Exercise goal — Task for the records below: copy exactly, and only, the line containing "ตุลาคม 68..พรุ่งนี้รวย คอหวยส่องด่วน!!" and every line after it to the end, with pictures left out.

*** Recorded information ***

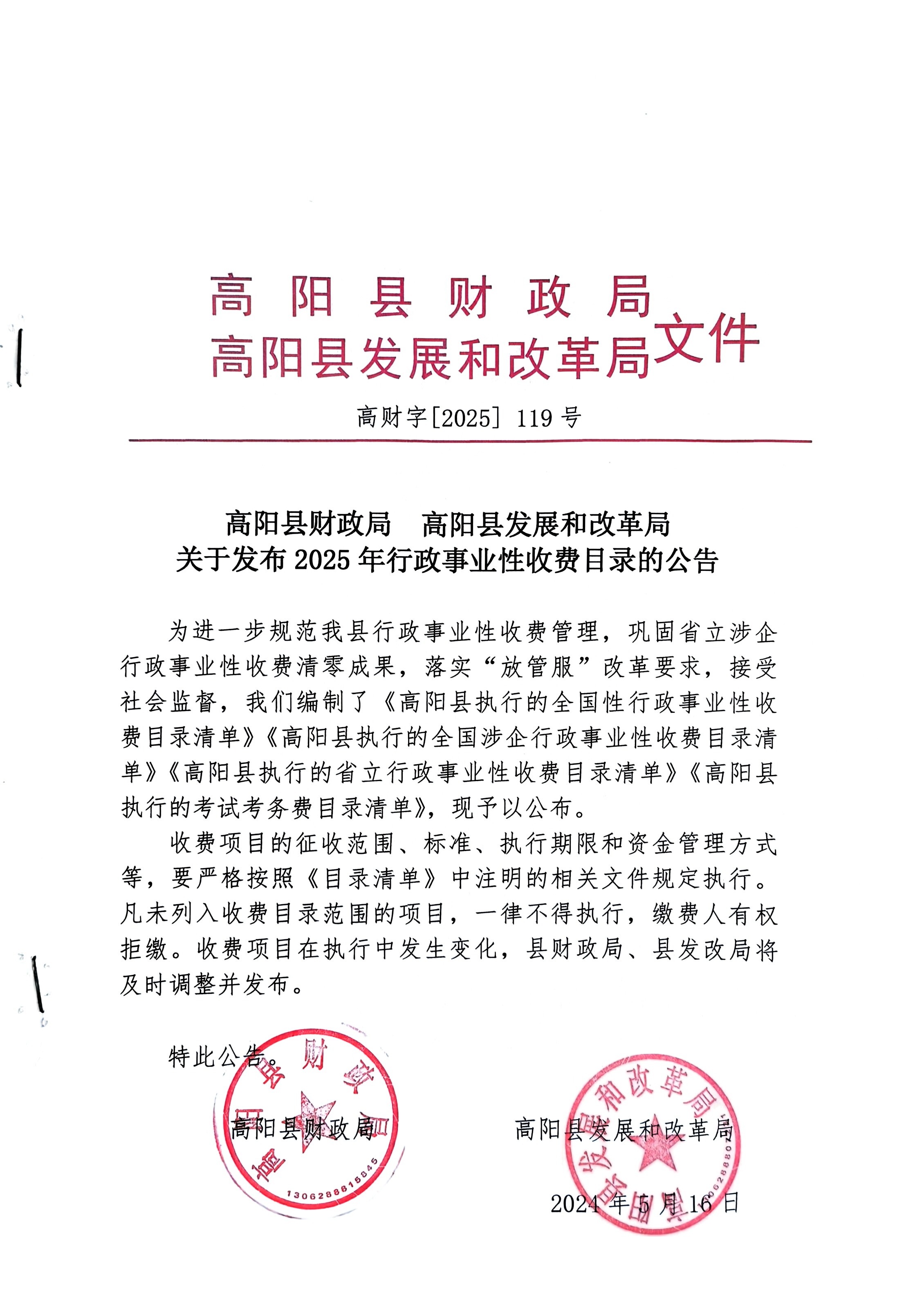 高阳县财政局 高阳县发展和改革局关于发布2025年行政事业性收费目录的公告
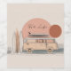 A calm and stylish illustration of a vintage camper van parked by the beach with surfboards, capturing the essence of van life and coastal freedom. With soft neutral tones and a minimalist retro aesthetic, this design evokes slow living, ocean breezes, and the joy of life on the road.
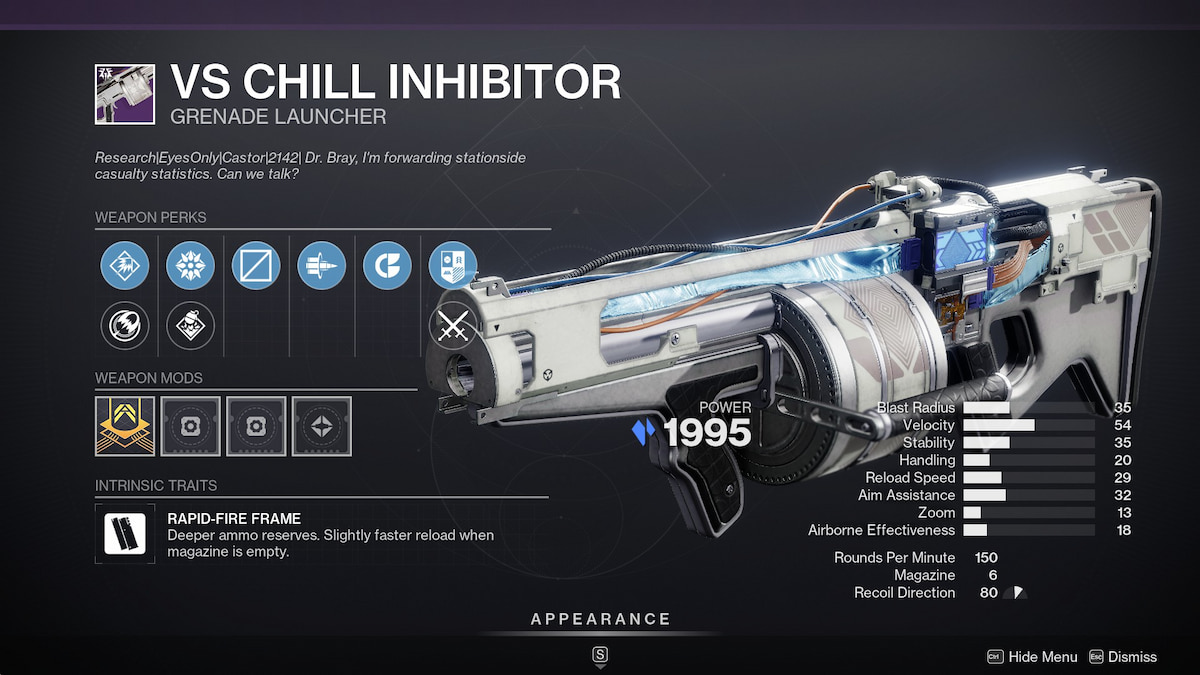 | VS Chill Inhibitor | Grenade launcher (heavy) | Stasis | Rapid-Fire Frame 150rpm |
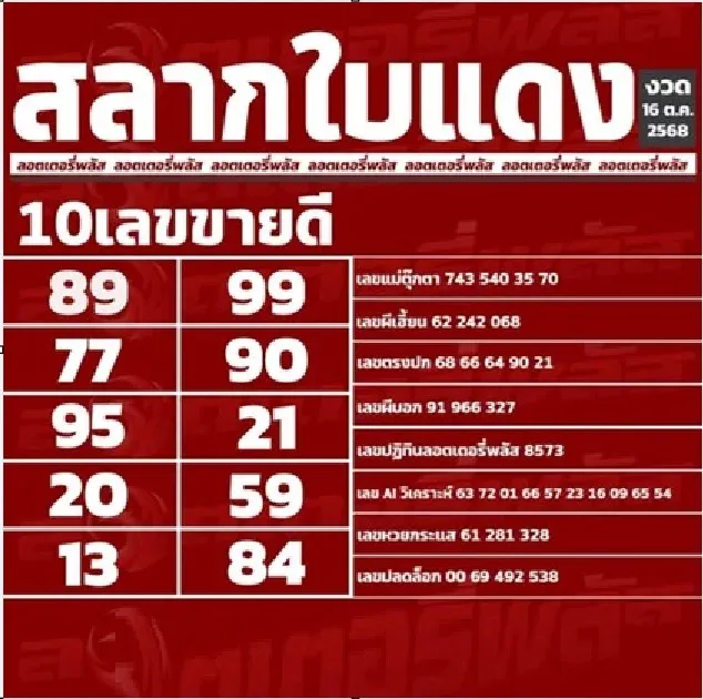 10 เลขขายดี "สลากใบแดง" งวดวันที่ 16 ตุลาคม 68..พรุ่งนี้รวย คอหวยส่องด่วน!!
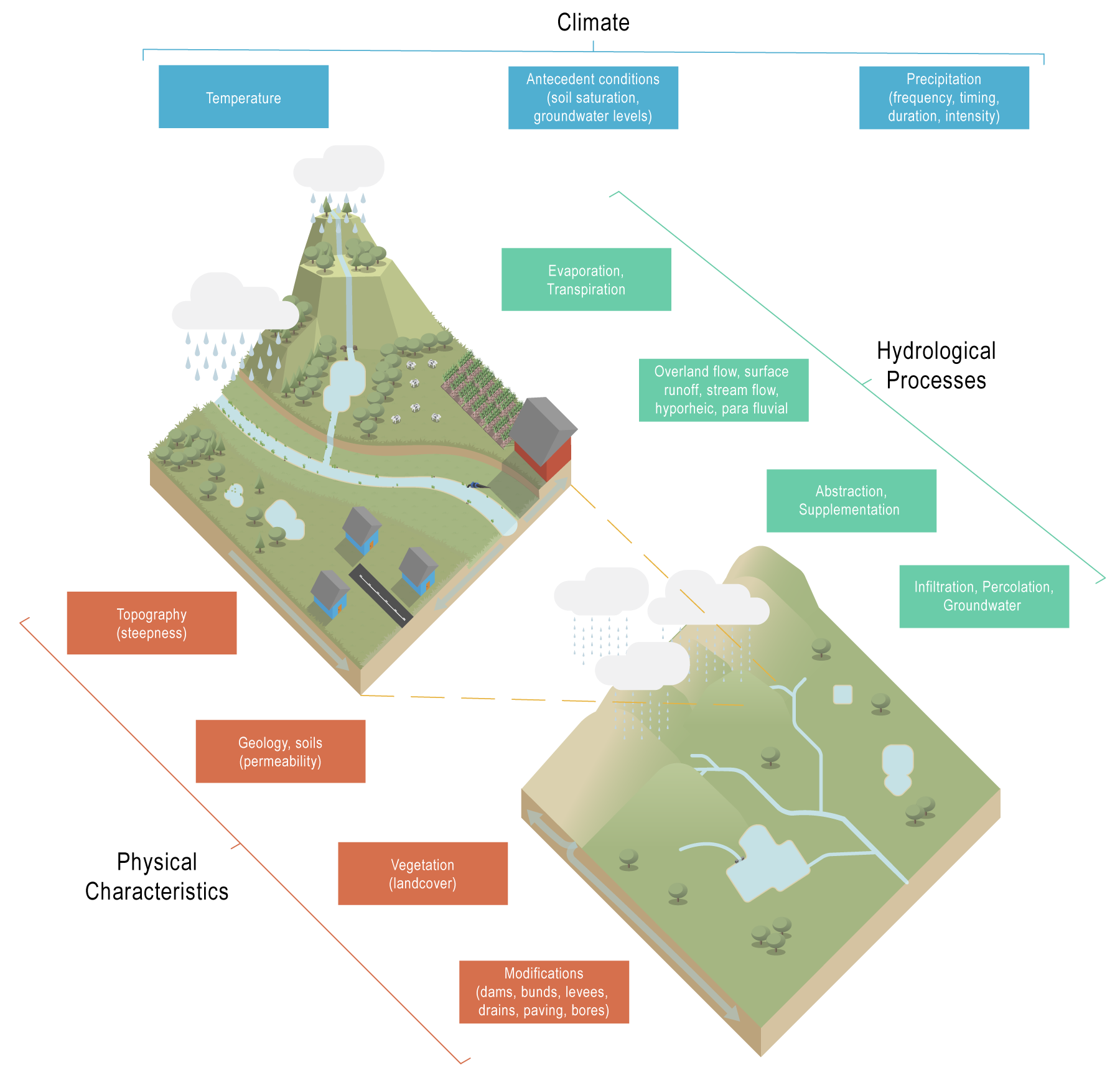 The hydrological processes of a catchment or subcatchment are influenced by the physical characteristics of the catchment as well as by the broader region and subregion. Subcatchments are also separated by a raised ridge or natural boundary within a catchment. In general, surface water does not flow from one subcatchment to another, however in relatively flat areas flood waters may cross a subcatchment boundary. In some cases, groundwater may cross subcatchment boundaries due to the underlying geology.

*** End of Recorded information ***

Response to this task —
 10 เลขขายดี "สลากใบแดง" งวดวันที่ 16 ตุลาคม 68..พรุ่งนี้รวย คอหวยส่องด่วน!!
 The hydrological processes of a catchment or subcatchment are influenced by the physical characteristics of the catchment as well as by the broader region and subregion. Subcatchments are also separated by a raised ridge or natural boundary within a catchment. In general, surface water does not flow from one subcatchment to another, however in relatively flat areas flood waters may cross a subcatchment boundary. In some cases, groundwater may cross subcatchment boundaries due to the underlying geology.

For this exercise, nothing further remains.